RNN的输入分为当前的input 以及上一次时序的 state，也就是下面这行代码。

output, state = cell(inp, state)

训练时和测试时的区别在于inp的不同

train 阶段: inp来自 decoder_inputs

predict 阶段: inp = loop_function(prev, i)

以翻译任务为例，在训练阶段有 decode_inputs 来“指导”网络来学习。而在测试时，只能依靠前一时序的cell的输出作为上下文。

embedding_attention_seq2seq

引入Attention机制的Seq2Seq就显得复杂多了。先来看一张图，

在encode过程中一系列的输出，作为decode的输入。以翻译任务为例，译文的某个单词，只与原文的某几个词相关，而不是整个句子，例如译文的第一个单词，可以由原文的前几个词的信息就能得到。也就是译文的每个单词的信息来自于原文的部分词语，也就是原文的每个词受到的”注意力”(权重)是不一样的。

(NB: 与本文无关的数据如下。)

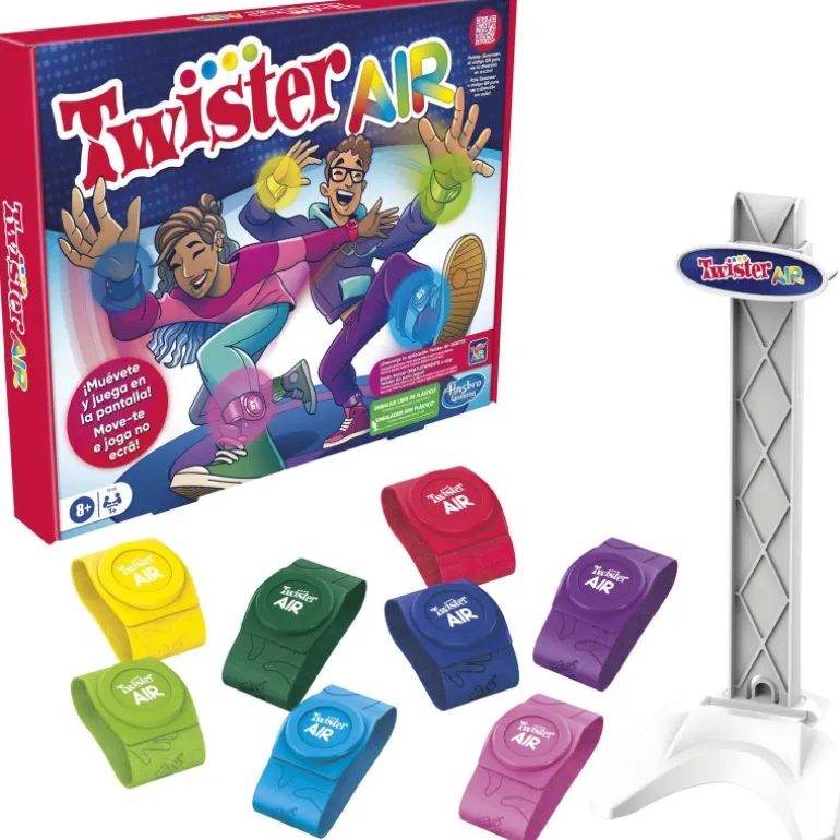 ¡Lleva la diversión de Twister a un nuevo nivel con Twister Air! Este emocionante juego de realidad aumentada de Hasbro permite a los jugadores trasladar sus movimientos del tapete a la pantalla sin necesidad de uno físico. Incluye 8 bandas de colores y un soporte para dispositivos móviles o tabletas.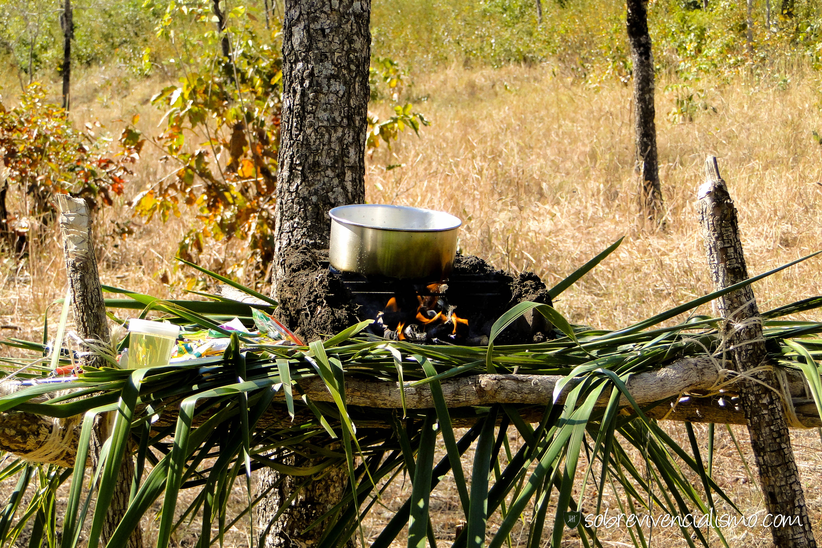 Querendo um pouco mais de conforto na hora de cozinhar elaboramos em um acampamento este fogão suspenso.

def embedding_attention_seq2seq(encoder_inputs,
                                decoder_inputs,
                                cell,
                                num_encoder_symbols,
                                num_decoder_symbols,
                                embedding_size,
                                num_heads=1,
                                output_projection=None,
                                feed_previous=False,
                                dtype=None,
                                scope=None,
                                initial_state_attention=False):
  """Embedding sequence-to-sequence model with attention.
  This model first embeds encoder_inputs by a newly created embedding (of shape
  [num_encoder_symbols x input_size]). Then it runs an RNN to encode
  embedded encoder_inputs into a state vector. It keeps the outputs of this
  RNN at every step to use for attention later. Next, it embeds decoder_inputs
  by another newly created embedding (of shape [num_decoder_symbols x
  input_size]). Then it runs attention decoder, initialized with the last
  encoder state, on embedded decoder_inputs and attending to encoder outputs.
  Warning: when output_projection is None, the size of the attention vectors
  and variables will be made proportional to num_decoder_symbols, can be large.
  Args:
    encoder_inputs: A list of 1D int32 Tensors of shape [batch_size].
    decoder_inputs: A list of 1D int32 Tensors of shape [batch_size].
    cell: tf.nn.rnn_cell.RNNCell defining the cell function and size.
    num_encoder_symbols: Integer; number of symbols on the encoder side.
    num_decoder_symbols: Integer; number of symbols on the decoder side.
    embedding_size: Integer, the length of the embedding vector for each symbol.
    num_heads: Number of attention heads that read from attention_states.
    output_projection: None or a pair (W, B) of output projection weights and
      biases; W has shape [output_size x num_decoder_symbols] and B has
      shape [num_decoder_symbols]; if provided and feed_previous=True, each
      fed previous output will first be multiplied by W and added B.
    feed_previous: Boolean or scalar Boolean Tensor; if True, only the first
      of decoder_inputs will be used (the "GO" symbol), and all other decoder
      inputs will be taken from previous outputs (as in embedding_rnn_decoder).
      If False, decoder_inputs are used as given (the standard decoder case).
    dtype: The dtype of the initial RNN state (default: tf.float32).
    scope: VariableScope for the created subgraph; defaults to
      "embedding_attention_seq2seq".
    initial_state_attention: If False (default), initial attentions are zero.
      If True, initialize the attentions from the initial state and attention
      states.
  Returns:
    A tuple of the form (outputs, state), where:
      outputs: A list of the same length as decoder_inputs of 2D Tensors with
        shape [batch_size x num_decoder_symbols] containing the generated
        outputs.
      state: The state of each decoder cell at the final time-step.
        It is a 2D Tensor of shape [batch_size x cell.state_size].
  """
  with variable_scope.variable_scope(
      scope or "embedding_attention_seq2seq", dtype=dtype) as scope:
    dtype = scope.dtype
    # Encoder.
    encoder_cell = copy.deepcopy(cell)
    encoder_cell = core_rnn_cell.EmbeddingWrapper(
        encoder_cell,
        embedding_classes=num_encoder_symbols,
        embedding_size=embedding_size)
    encoder_outputs, encoder_state = rnn.static_rnn(
        encoder_cell, encoder_inputs, dtype=dtype)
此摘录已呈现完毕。